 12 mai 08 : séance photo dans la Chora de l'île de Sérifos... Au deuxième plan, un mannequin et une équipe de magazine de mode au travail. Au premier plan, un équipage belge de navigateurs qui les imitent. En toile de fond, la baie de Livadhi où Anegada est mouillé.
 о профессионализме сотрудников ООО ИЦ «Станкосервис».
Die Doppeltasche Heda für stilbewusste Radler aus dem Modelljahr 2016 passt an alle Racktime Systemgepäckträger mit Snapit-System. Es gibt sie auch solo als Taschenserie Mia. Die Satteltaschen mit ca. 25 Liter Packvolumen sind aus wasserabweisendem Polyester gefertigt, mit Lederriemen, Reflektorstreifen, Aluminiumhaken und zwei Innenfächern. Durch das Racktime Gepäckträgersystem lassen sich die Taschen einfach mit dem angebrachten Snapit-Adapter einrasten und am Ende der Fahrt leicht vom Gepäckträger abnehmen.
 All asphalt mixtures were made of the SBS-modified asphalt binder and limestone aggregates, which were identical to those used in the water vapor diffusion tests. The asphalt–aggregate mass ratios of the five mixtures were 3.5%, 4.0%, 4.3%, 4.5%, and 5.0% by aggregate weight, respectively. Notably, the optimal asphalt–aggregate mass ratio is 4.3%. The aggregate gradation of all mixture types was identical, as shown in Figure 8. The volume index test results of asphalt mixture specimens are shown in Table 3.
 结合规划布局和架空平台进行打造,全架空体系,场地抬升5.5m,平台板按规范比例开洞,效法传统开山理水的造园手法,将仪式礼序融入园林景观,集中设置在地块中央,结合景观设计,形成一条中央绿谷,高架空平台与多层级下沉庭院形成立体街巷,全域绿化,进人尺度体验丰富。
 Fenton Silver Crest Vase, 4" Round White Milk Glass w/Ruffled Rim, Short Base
—————
Could you retype the whole listing above without altering a word?

*Exercise answer*.
 12 mai 08 : séance photo dans la Chora de l'île de Sérifos... Au deuxième plan, un mannequin et une équipe de magazine de mode au travail. Au premier plan, un équipage belge de navigateurs qui les imitent. En toile de fond, la baie de Livadhi où Anegada est mouillé.
 о профессионализме сотрудников ООО ИЦ «Станкосервис».
Die Doppeltasche Heda für stilbewusste Radler aus dem Modelljahr 2016 passt an alle Racktime Systemgepäckträger mit Snapit-System. Es gibt sie auch solo als Taschenserie Mia. Die Satteltaschen mit ca. 25 Liter Packvolumen sind aus wasserabweisendem Polyester gefertigt, mit Lederriemen, Reflektorstreifen, Aluminiumhaken und zwei Innenfächern. Durch das Racktime Gepäckträgersystem lassen sich die Taschen einfach mit dem angebrachten Snapit-Adapter einrasten und am Ende der Fahrt leicht vom Gepäckträger abnehmen.
 All asphalt mixtures were made of the SBS-modified asphalt binder and limestone aggregates, which were identical to those used in the water vapor diffusion tests. The asphalt–aggregate mass ratios of the five mixtures were 3.5%, 4.0%, 4.3%, 4.5%, and 5.0% by aggregate weight, respectively. Notably, the optimal asphalt–aggregate mass ratio is 4.3%. The aggregate gradation of all mixture types was identical, as shown in Figure 8. The volume index test results of asphalt mixture specimens are shown in Table 3.
 结合规划布局和架空平台进行打造,全架空体系,场地抬升5.5m,平台板按规范比例开洞,效法传统开山理水的造园手法,将仪式礼序融入园林景观,集中设置在地块中央,结合景观设计,形成一条中央绿谷,高架空平台与多层级下沉庭院形成立体街巷,全域绿化,进人尺度体验丰富。
 Fenton Silver Crest Vase, 4" Round White Milk Glass w/Ruffled Rim, Short Base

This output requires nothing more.